Dwa wyścigi w Bahrajnie pod koniec sezonu, kiedy losy mistrzostwa już dawno były rozstrzygnięte, nie zapowiadały dużych emocji. Jednak drugi z nich, rozegrany na, debiutującej w F1, bardzo krótkiej zewnętrznej pętli toru, okazał się prawdziwym klasykiem.

Wyścig tydzień wcześniej nie należał do najbardziej pasjonujących, ale przeszedł do historii z powodu przerażającego wypadku Romaina Grosjeana. Francuz cudem wyszedł cało z wypadku, w którym jego samochód z ogromną szybkością rozbił się o barierę, przebił ją tak, że kokpit utknął w niej, podczas gdy tył samochodu odpadł, powodując pożar. Wieloletnia praca nad bezpieczeństwem samochodów sprawiła, że Francuz, mimo siły uderzenia, nie stracił przytomności i był w stanie samodzielnie wyjść z płonącego samochodu.

Najbardziej przerażający wypadek od wielu lat był nadal tematem kilka dni później, kiedy rozpoczął się kolejny weekend wyścigowy, ale nie był to jedyny temat, po wyjątkowo bogatym w wydarzenia tygodniu. Grand Prix Sakhiru miało być zupełnie wyjątkowym wyścigiem, z powodu absencji Lewisa Hamiltona.

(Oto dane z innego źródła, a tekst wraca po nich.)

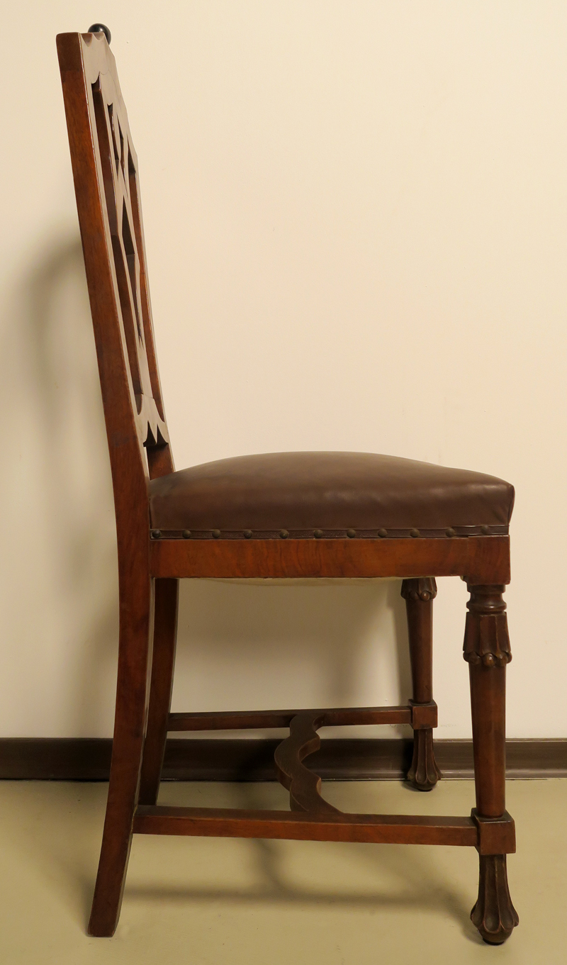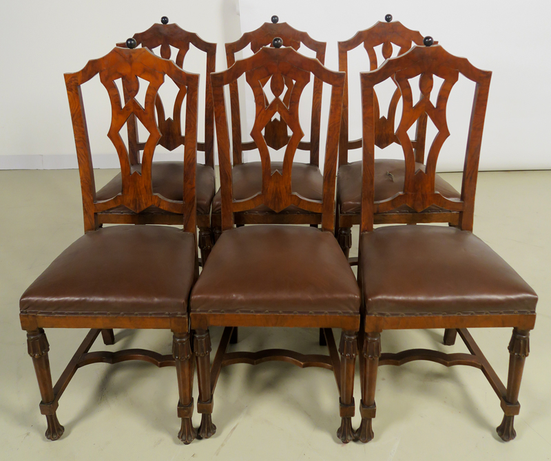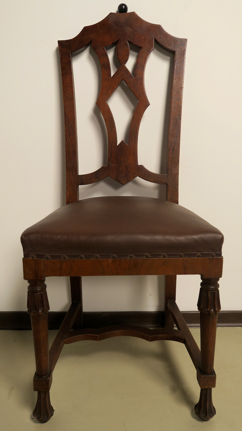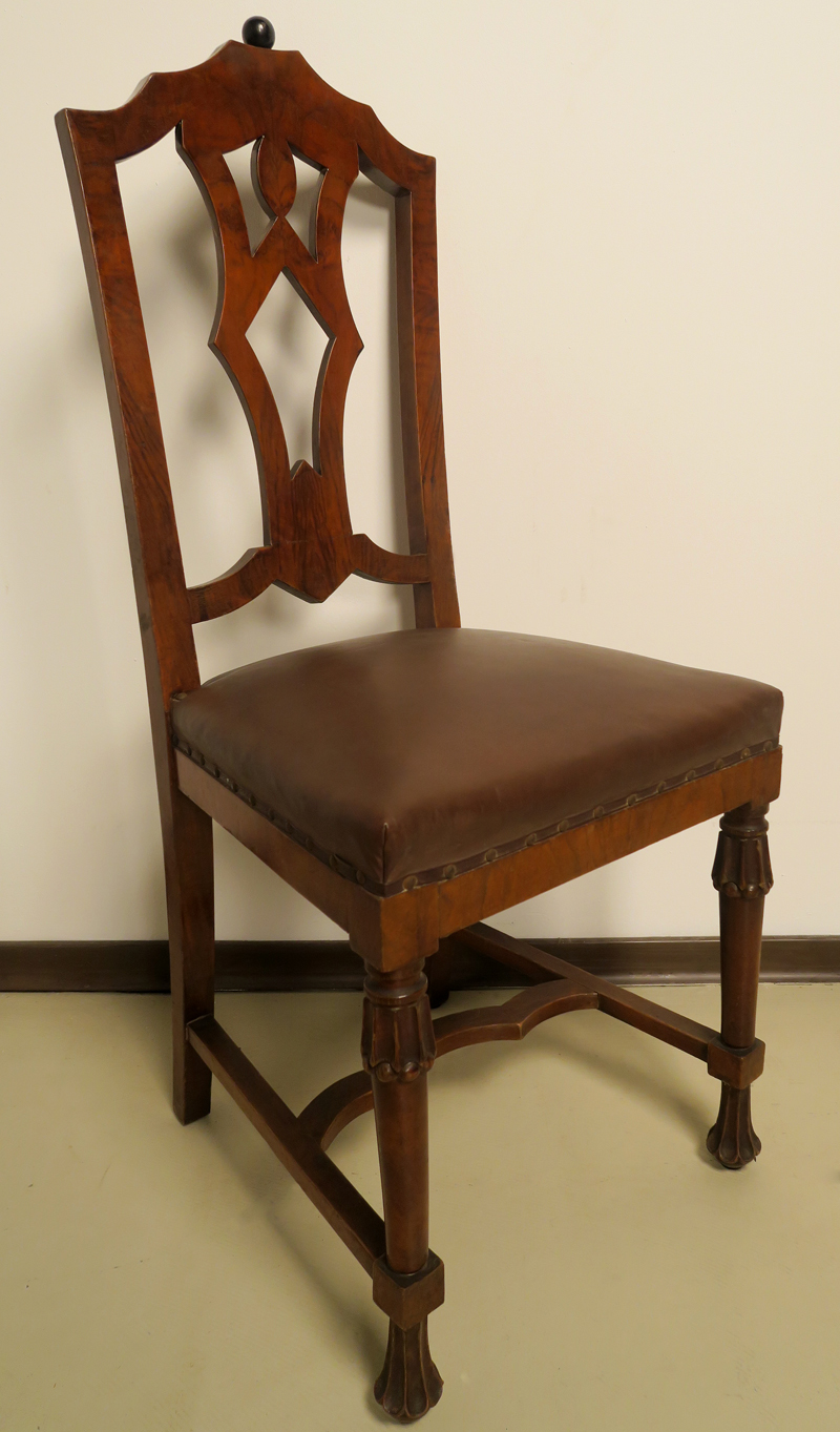 Die Schönheit dieses Ensembles ist kaum zu beschreiben. Die Einzelaufnahmen offenbaren jedes liebevoll entworfene Detail, besonders eindrucksvoll sind die unglaublichen Furnierarbeiten in unterschiedlichen Mustern und Farbnuancen, die gefächterten, an Muscheln erinnernden Elemente, die sich an jedem Stück wiederholenden Merkmale wie zum Beispiel die ebonisierten Kugeln oder die kubischen Teilstücke die schwerelos in der Luft zu schweben scheinen (besonders schön zu sehen am sagenhaften Esstisch). Die Stühle begeistern durch ihre interessant gestaltete Rückenlehne, die schön gegliederten Beine sowie dem hochwertigen Lederbezug.

2020, to był sezon, w którym Hamilton całkowicie zdeklasował konkurencję, bijąc przy okazji kolejne rekordy. Właśnie wygrał pięć kolejnych wyścigów z rzędu i gdyby wygrał dwa kolejne, wyrównałby rekord trzynastu zwycięstw w sezonie. Powiększał też swój rekord kolejnych wyścigów ukończonych w punktach. Ostatni raz nie udało mu się to w Grand Prix Austrii dwa lata wcześniej.

Wszystko to jednak stało się nieaktualne przez wielkiego antybohatera tamtego sezonu, czyli Covid-19. To właśnie Hamilton stał się kolejnym po Sergio Perezie i Lance Strollu zawodnikiem, u którego zdiagnozowano tę chorobę i odesłano go na przymusową kwarantannę.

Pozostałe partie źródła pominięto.